Terça, 24 de
março de 2015
Michèlle
Canes - Repórter da Agência Brasil
Os casos de assassinatos de jovens negros no Brasil foram
tema central de audiência pública da Comissão Interamericana de Direitos Humanos
(CIDH) da Organização dos Estados Americanos (OEA). O debate aconteceu em
Washington, nos Estados Unidos, na última sexta-feira (20), quando foram
abordadas denúncias de diferentes regiões brasileiras.
“Temos inúmeros casos denunciados pelos centros de Defesa da
Criança e do Adolescente (Cedeca), e a gente achou importante dar visibilidade
e pedir que a comissão faça recomendações ao governo brasileiro, no sentido de
adotar medidas para coibir essa violência que, na maioria das vezes, é
provocada por agentes públicos do Estado”, disse Denise Campos, membro da
coordenação colegiada da Associação Nacional dos Centros de Defesa da Criança e
do Adolescente (Anced), que participou da audiência.

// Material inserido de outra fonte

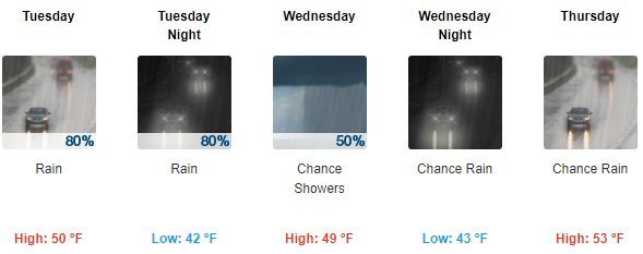 - Tuesday Night: Rain before 11pm, then showers likely after 11pm. Low around 42. Chance of precipitation is 80%. New precipitation amounts between a quarter and half of an inch possible.
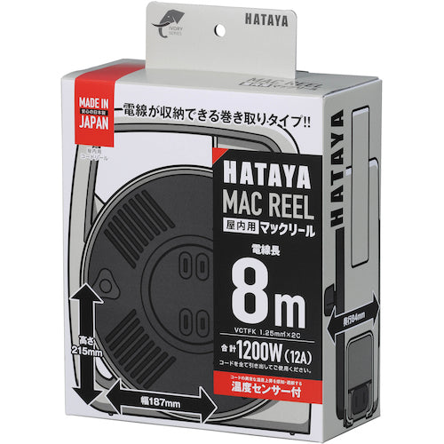 カタログ品番:MS-8-IV 特長:●手巻き式のコンパクトなコードリールです。●電線の溶解・焼損を防ぐ温度センサー付です。 用途:●事務所内、家庭用、DIYなどに。 仕様:●電線種:VCTFK●電線仕様長さ(m):8●電線仕様太さ([[MM2]]):1.25●電線仕様芯数(C):2●定格電流(A):5●コンセント仕様定格:2P・15A・125V●コンセント仕様形状:[[二相2]]●コンセント仕様個数:2●温度センサー:○●定格電圧(V):125●本体色:アイボリー●AC100V●電線仕様:VCTFK1.25mm2×2C●コンセント定格:2P・15A・125V●製品定格:125V・5A●温度センサー付●屋内用●電線長さ:8m●手巻式 材質/仕上:●本体:樹脂製 注意:●屋内使用
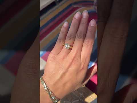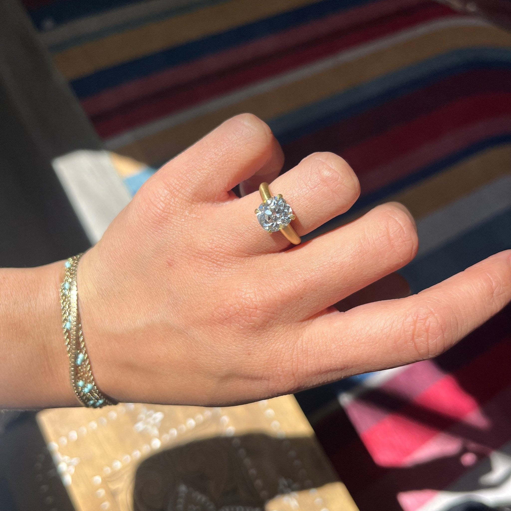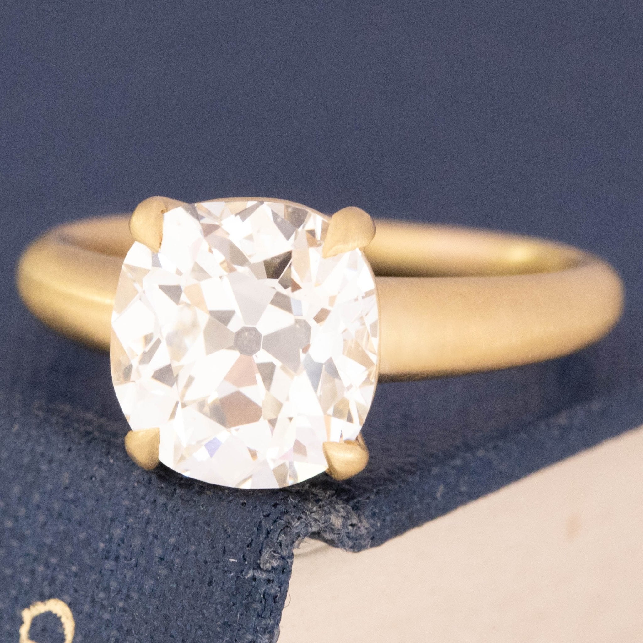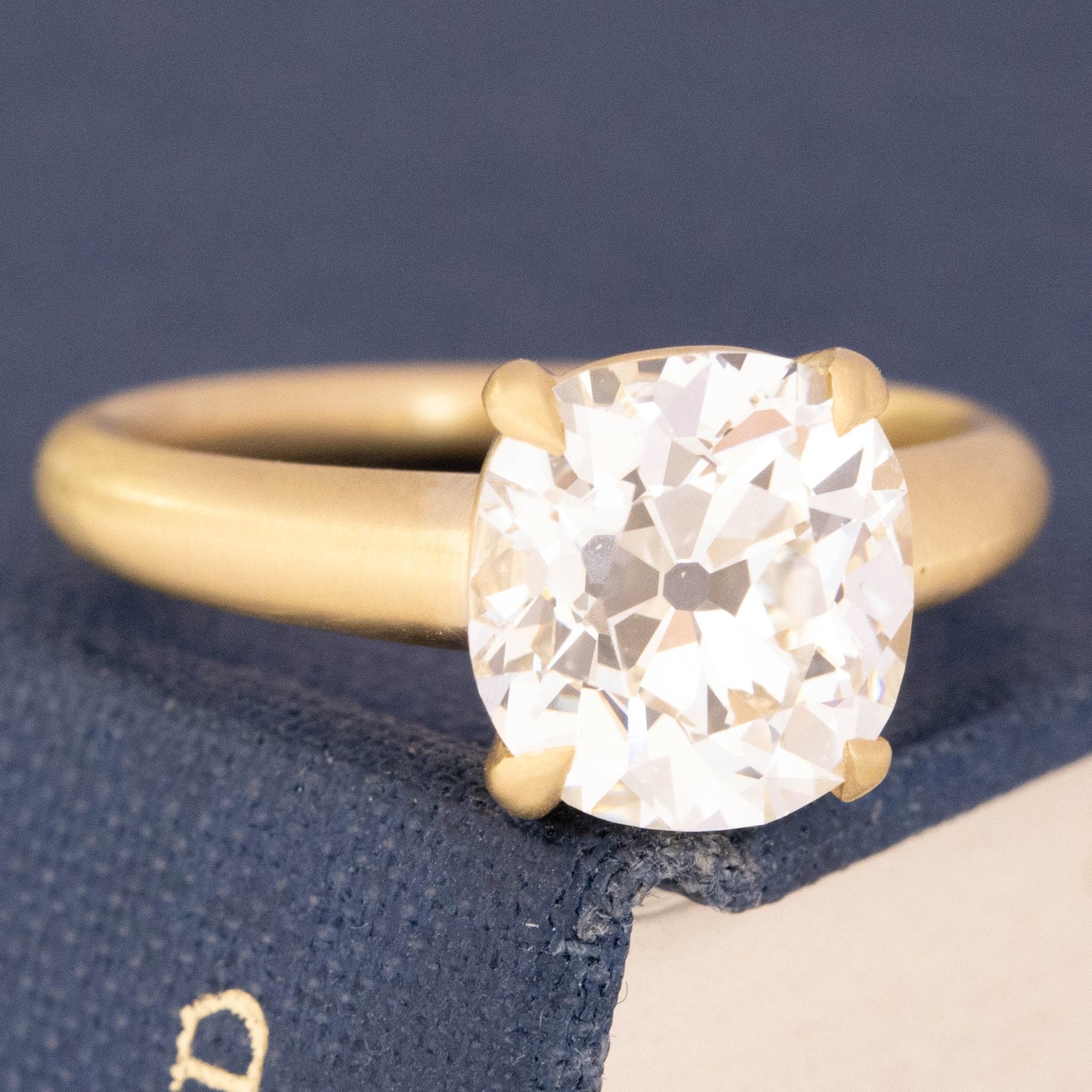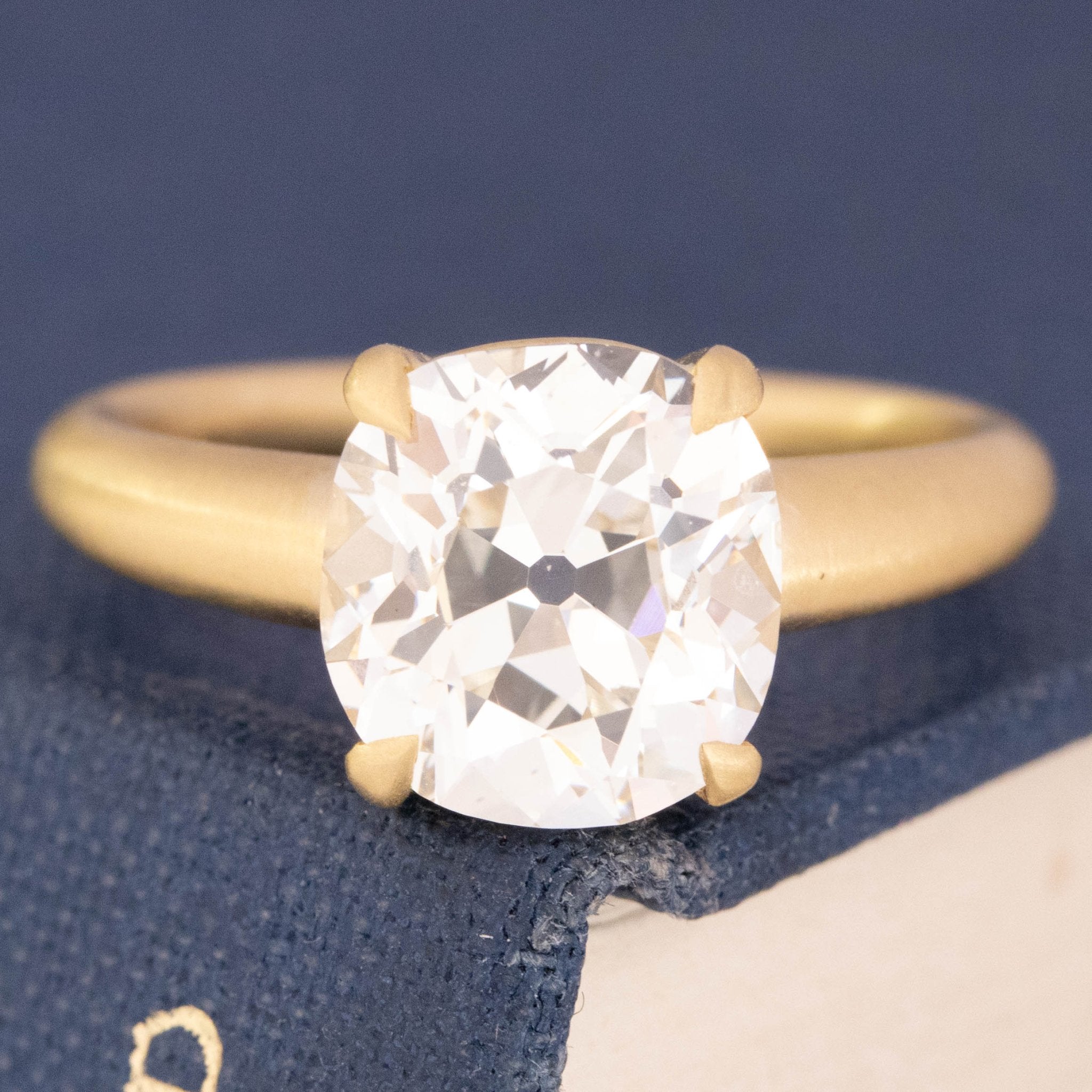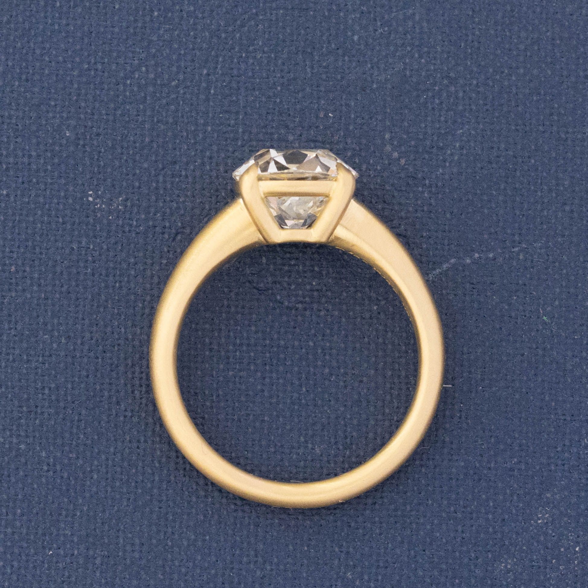 A beautiful 3ct antique old mine cut diamond, ever-so-slightly elongated in shape, with four prongs and a chubby full round shank. This diamond has a beautiful make - she’s got broad facets and the most charming open culet. The ring stacks well with other bands, and that satin finish is to die for.

Pedro Pereira, também da Anced, diz que os números de
assassinatos têm crescido no país. “A própria Anistia Internacional lançou uma
campanha, em novembro de 2014, divulgando a informação que de 30 mil jovens
entre 15 e 29 anos assassinados no Brasil, em 2012, 77% eram negros”. Segundo
Denise, duas organizações da sociedade civil participaram da audiência: a
Justiça Global, que tratou de temas como ou autos de resistência; e a
Quilombola X, que tratou do racismo. Ambas defendem que o governo brasileiro
precisa ter respostas mais efetivas para combater o racismo e conter as mortes
da juventude negra no país.
O debate teve a participação do governo brasileiro,
representado pelo secretário de Políticas de Ações Afirmativas da Secretaria
Especial de Promoção da Igualdade Racial (Seppir), Ronaldo Barros. Segundo ele,
o governo vem implantando ações como o Plano Juventude Viva, que inclui 44
projetos para diminuir a vulnerabilidade da juventude negra. “Não há demora [na
implementação de ações], há a necessidade de aperfeiçoar os mecanismos. O
Estado não está de olhos fechado para essa situação, e tem feito ações tanto no
Executivo, quanto no Judiciário e no Legislativo”. O secretário citou também a
assinatura de protocolo de redução de barreiras de acesso à Justiça e oficinas
junto a agentes públicos para combater o racismo.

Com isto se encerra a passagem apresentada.